So I wrote a clear prompt. Gave Claude a detailed set of instructions. Fed it the dataset. It gave me an output. I delivered it.
But when the stakeholder and I reviewed the deliverable in depth, we noticed some increasingly unsettling things.
Claude was confidently wrong.
Not wrong wrong, like hallucinating facts from nowhere. More like… overconfident wrong. It would generate a quarterly insight report and say something like:
“Negative sentiment in the Dresses department increased 23% this quarter, indicating a significant shift in customer satisfaction that warrants immediate attention from the product team.”
Sounds great. Except that spike was driven almost entirely by a single popular item that launched mid-quarter with a known sizing defect. One product. Not the whole department.
Claude had no idea. And my prompt didn’t tell it to care.

A Quarterly Customer Review Report Skill
I’m going to walk you through a Claude skill I built that generates a quarterly customer sentiment report from unstructured product review text, delivered as a PDF to stakeholders.

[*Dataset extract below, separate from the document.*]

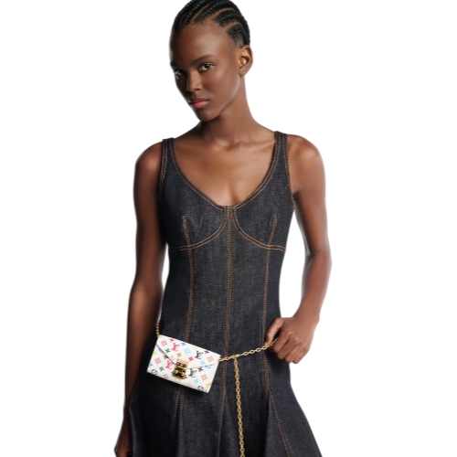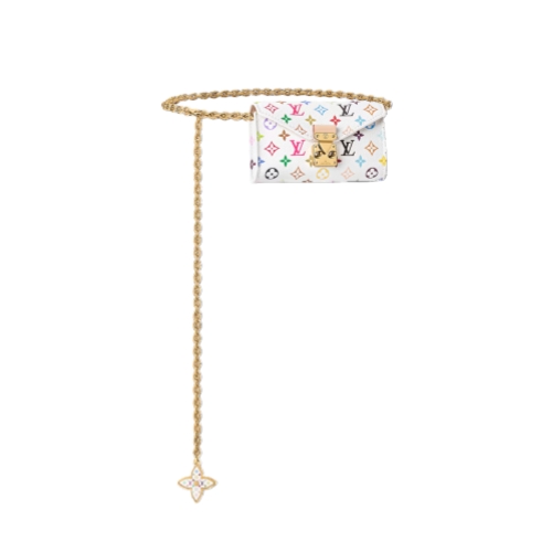 The limited-edition LV x TM Pouch Metis belt features a colorful signature look from the House’s groundbreaking collaboration with Takashi Murakami. Its fully adjustable gold-colored chain is paired with a detachable pouch adorned with the Japanese artist’s playful remake of the iconic Monogram motif. A Flowergram charm adds an extra flourish to this on-trend, multifunctional belt.

Obviously, I won’t be sharing the actual dataset I analyzed at work. The dataset I’m using is the Women’s E-Commerce Clothing Reviews dataset from Kaggle (CC0 license). It contains 23,000 real, anonymized customer reviews across clothing departments (Tops, Dresses, Bottoms, Jackets, and more) with text, star ratings, and product metadata. References to the company in the reviews have been replaced with “retailer.”
The skill should:
- Read a filtered slice of reviews for the current quarter
- Group them by department
- Identify trends & concerns
- Write a professional summary PDF for the product leadership team
Here’s the original prompt:
You are a data analyst generating a quarterly customer sentiment report for a women’s clothing e-commerce retailer. Given this quarter’s customer reviews (including review text, star ratings, and department), write a professional stakeholder report that includes:
– An overall sentiment summary for the quarter
– Key themes by department (Tops, Dresses, Bottoms, Jackets)
– 2-3 standout insights from the review text
– A brief recommendation for the product team
Be professional and clear.
When you’re done with this task, please create a skill titled reviews-analysis and save your instructions in there.

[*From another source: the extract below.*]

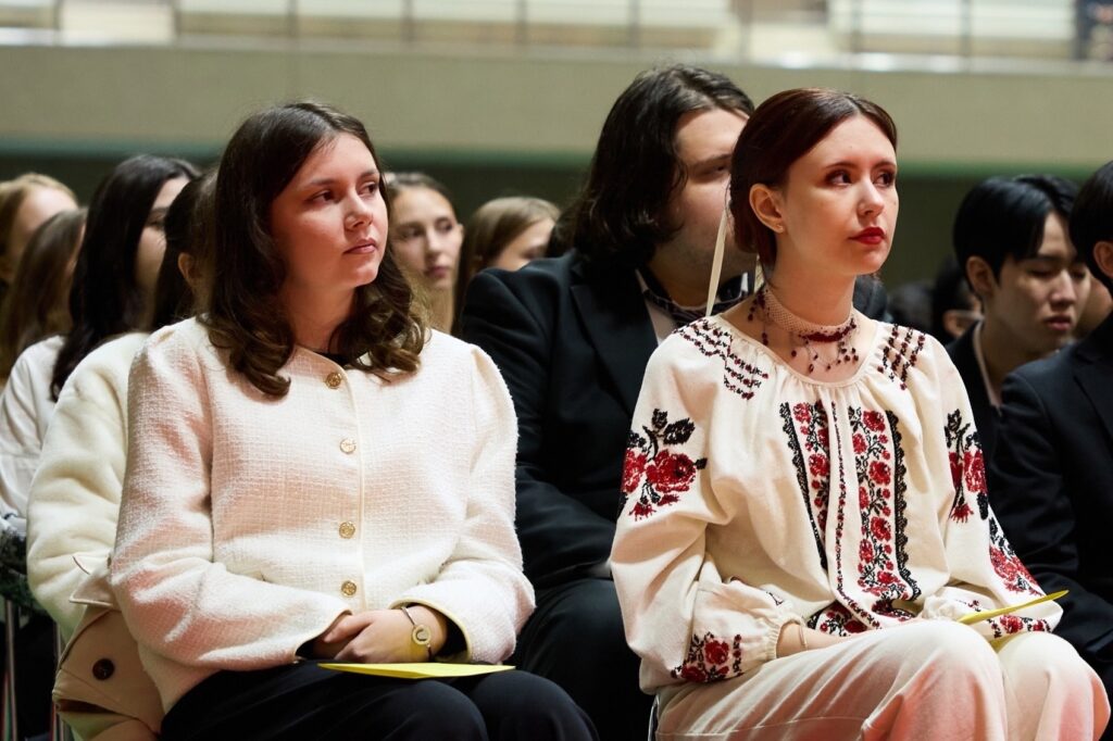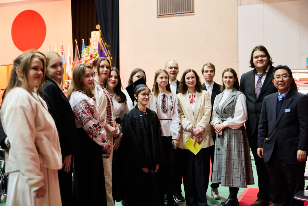 「ウクライナ卒業生の皆さん、皆さんの存在がウクライナの未来であり、皆さんの成長がウクライナの希望です。4月からは、新社会人としての新たな生活が始まります。キャリアを積み重ねる場所がどこであろうと、皆さんは常にウクライナの尊い代表であり、ウクライナと日本の架け橋です。皆様のご健康とさらなるご飛躍、そして平和な未来を心よりお祈り申し上げます」と語りかけました。

What “Confidently Wrong” Actually Looks Like
Here’s an example of what Claude produced with the naive skill above, on a quarter where the Dresses department had an influx of negative reviews:
“Negative sentiment in the Dresses department increased significantly this quarter, with customers frequently citing fit and sizing issues. This suggests the retailer’s sizing standards may be drifting from customer expectations — a trend that, if unaddressed, could erode brand loyalty in this key category.”
The real explanation? One dress (a single SKU) launched in Week 7 with a batch quality issue. The reviews were almost entirely about that one item. The rest of the Dresses department was performing fine.

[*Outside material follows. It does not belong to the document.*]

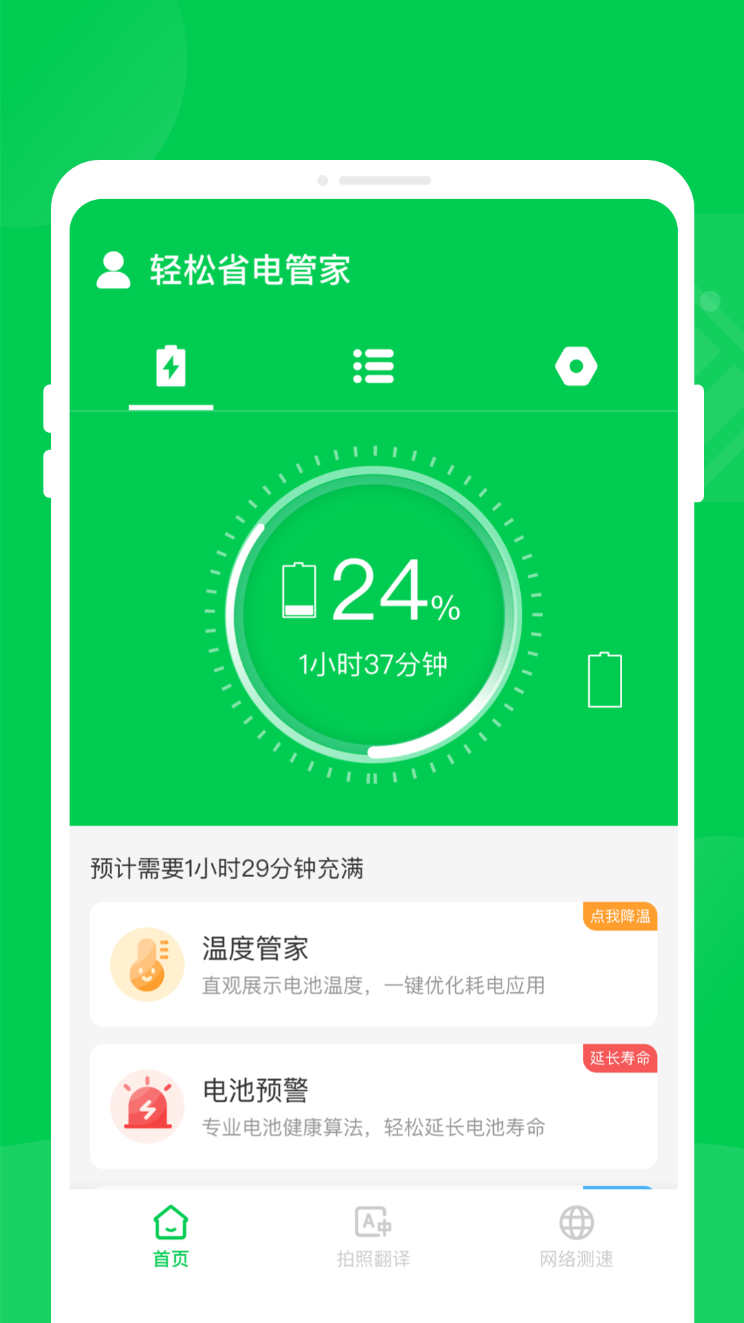 轻松省电管家是一款实用便捷的电池健康省电管理软件,能实时跟踪电量变化,实时掌握手机信息,电池健康检测、一键省电、耗电优化,多维度维护电池健康,延长电池寿命。

Claude didn’t necessarily invent anything. It just had no context for why the pattern existed. And without that context, it did what LLMs do: it filled the gap with the most plausible-sounding narrative.

The Fix: 4 Lines You MUST Include
Line 1: Tell Claude What Context It’s Missing
You do NOT have access to product launch calendars, inventory records, promotional campaigns, or individual SKU-level history. Do NOT attribute department-level trends to brand-wide causes. Report patterns you observe in the text; do not explain why they exist unless the reviews themselves make it unambiguous.
This single instruction eliminates a huge category of confident wrongness. Without it, Claude will always reach for a strategic narrative because that’s what a good analyst does, and Claude is trying to be a good analyst.
The problem is that a good analyst also knows what they don’t know. They say “We’re seeing elevated sizing complaints in Dresses this quarter. This may be isolated to a recent launch but we’d need SKU-level data to confirm.” Claude won’t say that unless you tell it to.
Line 2: Define What “Significant” Actually Means
Claude loves the word significant. It uses it all the time. And it almost never defines it.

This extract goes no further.